The most important elements of a clean energy lending program are the capital source and the capital provider. The capital source provides the funding to pay for clean energy projects, and the capital provider manages those funding sources. For example, a bank might use its customers' deposits as a capital source, but as the capital provider, the bank manages the investment of that capital.
Capital sources and providers can be from one or a combination of the following:
- Bank capital
- Credit union capital
- Foundation grants and funds
- Community Reinvestment Act funds
- Federal funds
- State government funds
- Utility system benefit charges and ratepayer funds
- Local government general funds
- Emissions allowance revenues.
Bonds consist of many different types of funds that are too numerous to describe here. Some of the more common types of bonds are tax-exempt bonds that can fund investments in government facilities or, subject to many limitations, investments in certain private activities. Those are known as private activity bonds.

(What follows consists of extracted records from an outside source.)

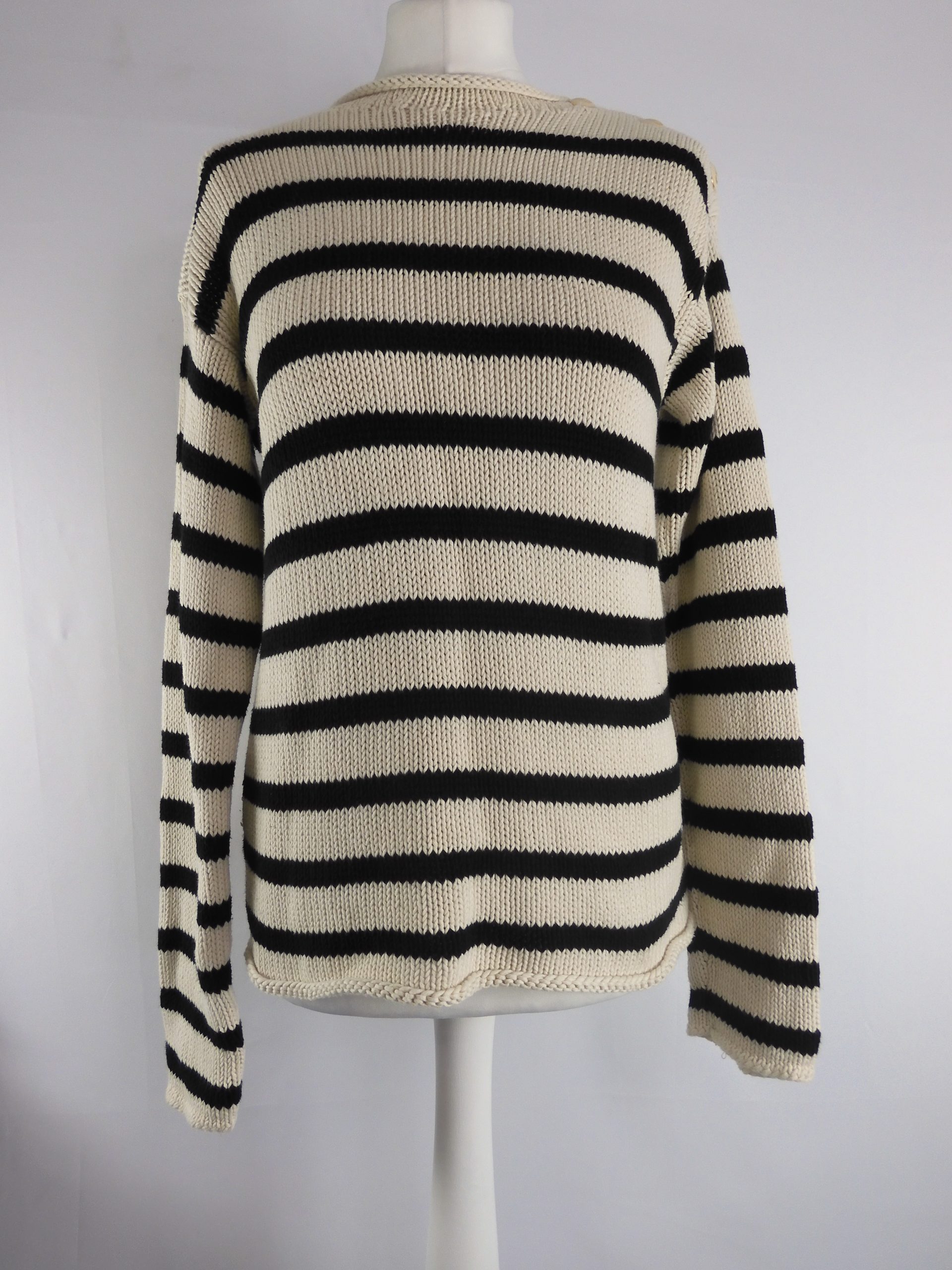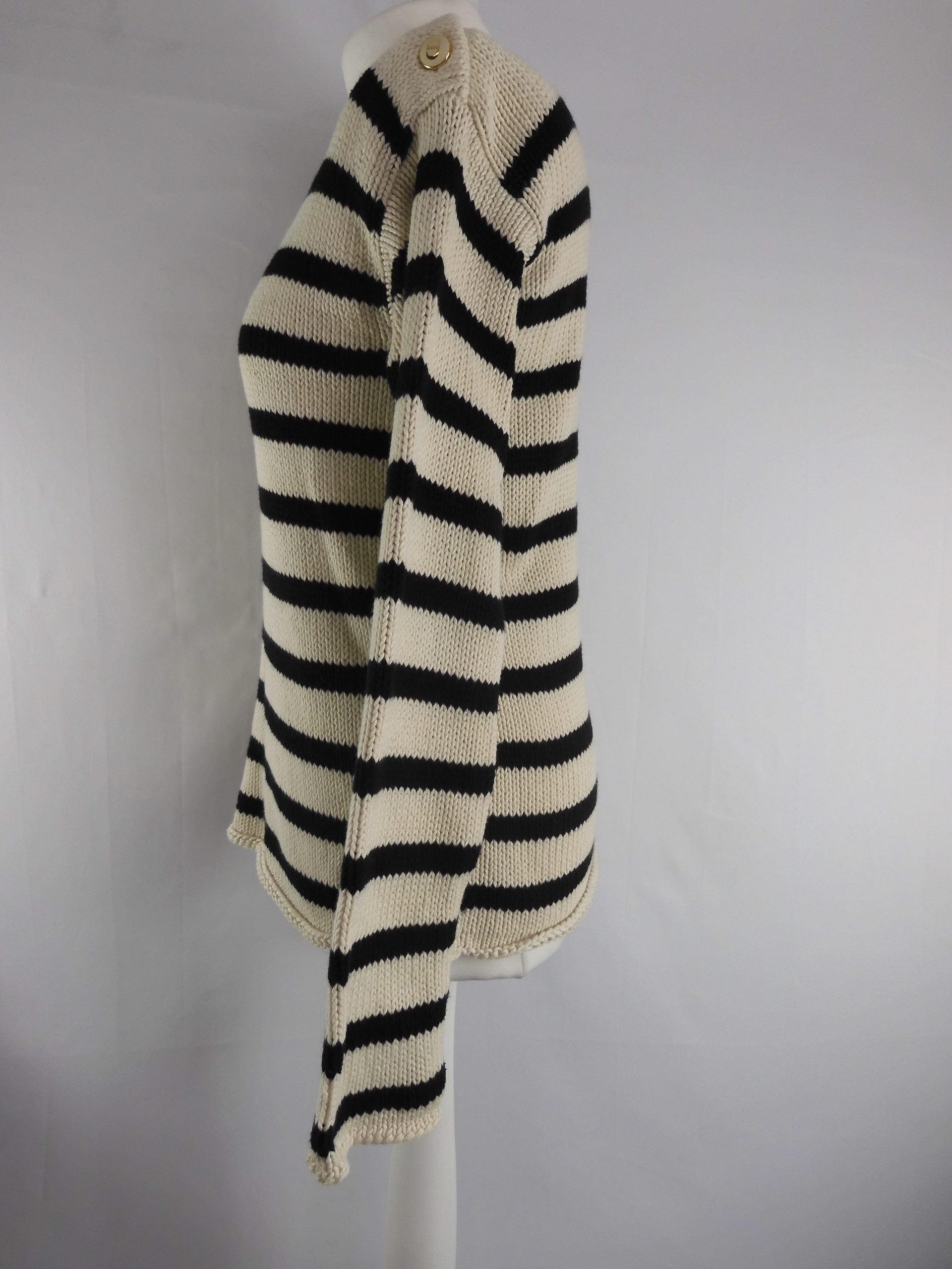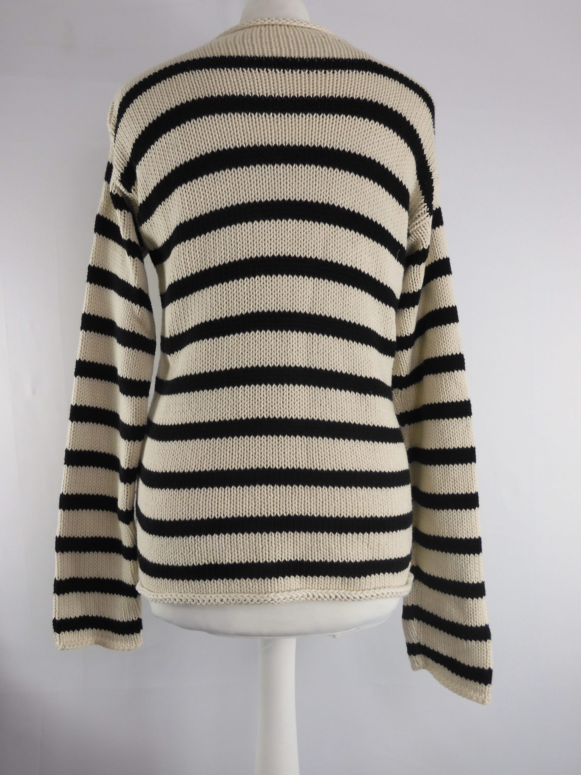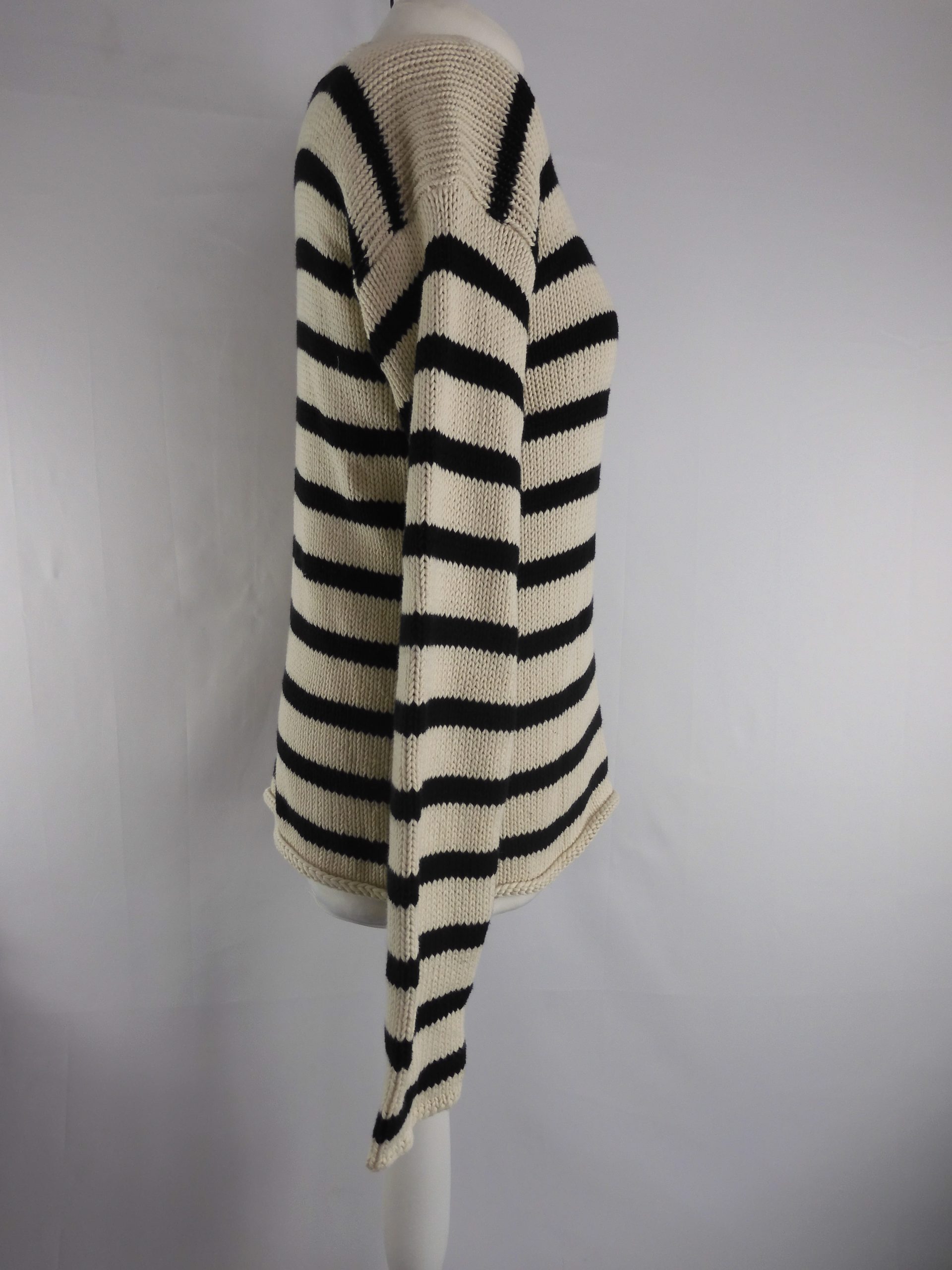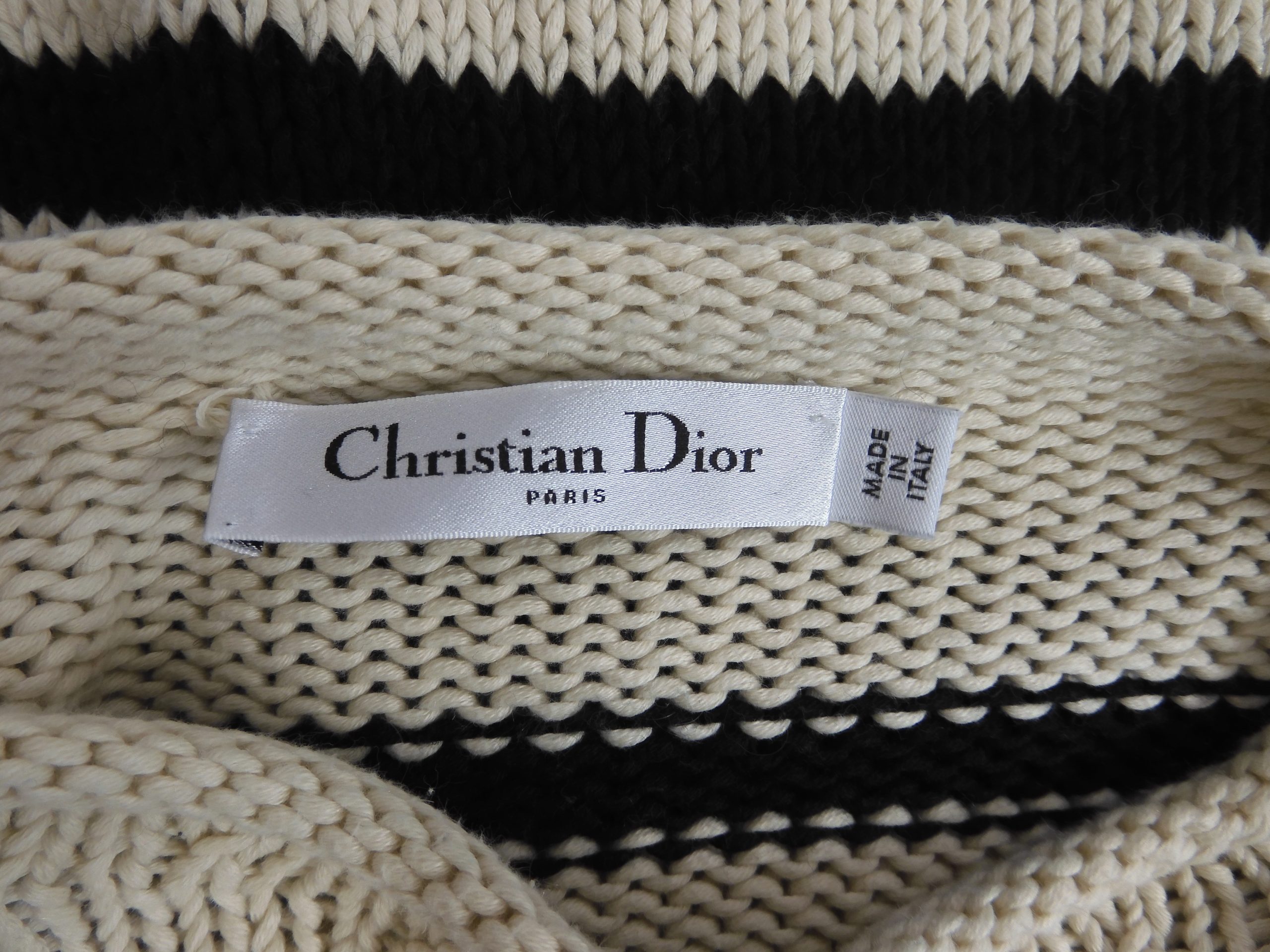 Christian Dior Black/White Stripe Rib Knit Crew Neck Sweater, Size 10.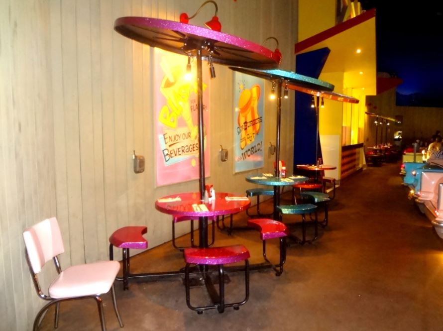 Ele fica localizado bem próximo ao simulador Star Tours, uma das atrações dedicadas aos filmes da saga Star Wars (caso goste deste tema, pode conferir mais informações aqui e aqui). Do lado de fora do restaurante, há um protótipo dos carros que são usados como mesa no local.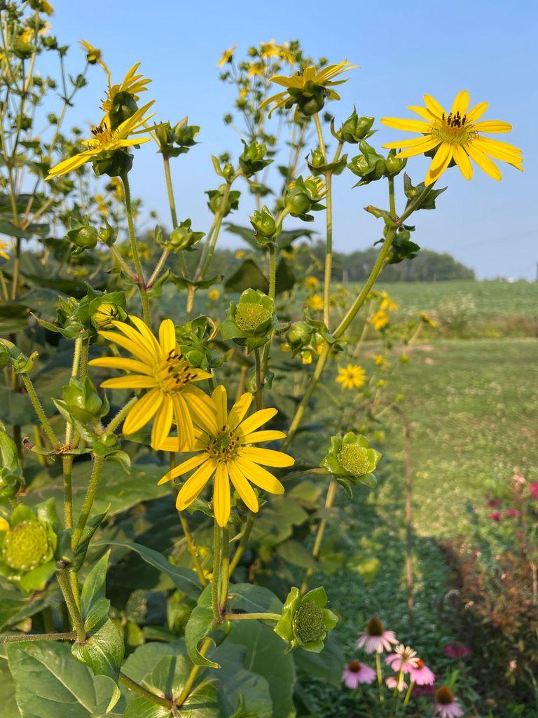 Tall, yellow flowers with a field in the background.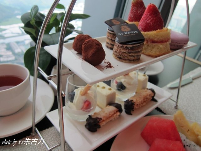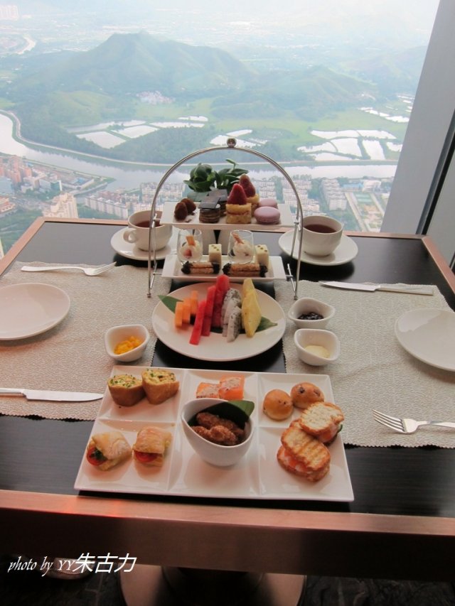 之前在微博上就有听说过这家餐厅..一直就很想来..很多人都说这家餐厅不能订位..只能直接过去..而且如果晚去了就没位置了..这家餐厅在京基100大厦的96楼..还是第一次来到这么高的地方呢..果然..一去到就没位了..但是服务员态度很好..说96楼的位置已经坐满了..所以只能带我们去楼下去了(95楼哦)..他们说因为来96楼下午茶的人很多..为了满足更多的客人需求..所以就租了95楼的下午茶时间了..哈哈..never mind..只相差一层楼而已哦..我们刚坐下来就给外面的风景给吸引住了..长这么大还是第一次坐在这么高的餐厅里一边欣赏风景一边喝下午茶..真的很舒适哦..我们看了看菜单..有2个经典的套餐..一个是西式的一个是中式的..还有一些单点的食物..看了看吃的东西..最后选择了西式的套餐..¥198..+15%服务费基本上每样食物都是2份的..而且也很精致哦..服务员会问我们喝什么茶?有红茶跟绿茶..而且都是免费续杯的哦..服务员看到我们杯子的茶快喝完了..会主动过来帮我们添..而且茶都是热的..很贴心..我第一个吃的是那个紫色的小饼干..但是还没到嘴边..小饼干就划掉下来了..T_T5.5.5...我只能坐在位置上看着那个还躺在地上的饼干了..为了不让经过的人踩到而滑到..然后就找来了一个主管mm帮忙收拾一下..没想到主管mm知道我们掉了一个..过了一会竟然拿了3个粉红色的小饼干过来了..哇..一赔三丫..值了..主管mm太人性化了..赞一个..这个小甜品..味道也不错哦..小小个..很精致的...这款小甜品印象挺深刻的..不知道叫什么名字(只知道它长得像3筒)..但味道不错哦..入口即溶..有点疑问的是最上面的那3点小圆点到底是什么酱?吃起来怪怪的..有点像某种植物的汁..真的很好奇是什么酱料?who can tell me?这款东东面包很硬丫..真的吃不习惯..但是中间的那层虾还不错哦..虾的肉很厚很大只..也很新鲜..为什么就要跟硬面包混在一起..?!我个人觉得这个也不错..有种淡淡的咖喱味..面包软软的.跟咖喱配合在一起挺好的..最适合我这种不喜欢太浓的咖喱食物..这个套餐的食物味道总的来说还可以..但食物的价格..我个人觉得不值¥198咯..我想..这里的风景加上这里的环境..还有服务跟食物还是值得偶尔来奢侈一下的..毕竟能上到96楼来坐个一下午..环绕着深圳的风景..舒适的环境..再加个下午茶..还真不错哦..如果要来的话..真的要提前来..因为我们坐在95楼..只能坐到5点就要埋单了..毕竟这是人家95楼租给他们的..如果坐在96楼的话..坐的时间可以久一点..而且还可以360°观赏深圳的风采哦..本来还想奉上一张在96楼拍摄地王在自己眼下的照片哦..但是想想还是算了..毕竟要自己亲自看到的才会更美哦..!!…查看更多

Banks can invest their own depository capital in clean energy lending projects if they feel the return is sufficient, given their understanding of the risk involved in the investment.
Credit Union Capital
Like banks, credit unions invest their capital in projects for which they feel the return will justify the risks as they understand them. Credit unions tend to be smaller than most national banks and are closely tied to particular communities or constituents. Credit unions may also have less capital to lend and a smaller network of branches than the larger banks.
Foundation Grants and Funds
Community development financial institutions (CDFIs) receive foundation grants to cover their operations and make loans to businesses, nonprofits, and homeowners in the community. CDFIs also receive foundation program-related investment (PRI) funds. Those are funds that foundations can legally place with CDFIs as an investment with a low interest rate, typically 2% to 3%.
Community Reinvestment Act Funds
Commercial financial institutions often meet their regulatory responsibilities under the federal Community Reinvestment Act by placing funds at a low interest rate with CDFI lenders. Like PRI funds, these investments often earn a below-market rate of 2% to 3%. In turn, CDFI lenders are expected to lend the funds at that same low rate plus a small interest rate spread that typically ranges from 2% to 3%.
Federal funds, whether from U.S. Department of Energy (DOE) initiatives such as the State Energy Program or other agencies, can be a source for loan capital. As long as those funds are used to support qualifying clean energy investments, they are a flexible funding source with few restrictions. Another possible federal resource is the funding designated to support lower income populations, such as the U.S. Department of Housing and Urban Development's CDFIs, may also be able to access grants from the U.S. Treasury to provide loan capital to targeted groups. The 2013 guide to Federal Finance Facilities Available for Energy Efficiency Upgrades and Clean Energy Deployment provides a review of many of the federal resources available.
State Government Funds
Government entities can make loans and have often done so. For instance, some state energy offices created clean energy lending programs in the late 1980s and early 1990s using allocations of funds through DOE and from certain legal settlements. Other state financing authorities operate lending programs using a number of different capital sources. State and local financing authorities are diverse, but tend to operate in collaboration (rather than in competition) with private financial institutions. State financing authorities lend in markets that are not attractive to private entities, such as loans to cash-strapped nonprofits, or co-lend with private financial institutions. In some cases, government entities make direct loans, too. In some cases, state treasurers may be willing to invest a portion of their capital in energy efficiency lending.
Utility System Benefit Funds
Public utility commissions will often require utilities to collect funds from their bill payers to support clean energy programs, including financing programs. These funds can provide direct loan capital, credit enhancements, technical assistance, rebates, and other support for energy efficiency and renewable energy projects. Utility customer-funded program spending on energy efficiency alone was almost $5 billion in 2010 (Barbose et al. 2013).
Local Government General Funds
Tax revenues can sometimes capitalize on a clean energy or solar energy loan program. Many jurisdictions, however, are experiencing reduced tax revenues and budget cuts, which limit their ability to capitalize on loan programs using their general funds.
Emissions Allowance Revenues
States that receive revenues from participating in a cap-and-trade structure (e.g., the Regional Greenhouse Gas Initiative) can use those funds to seed clean energy finance programs.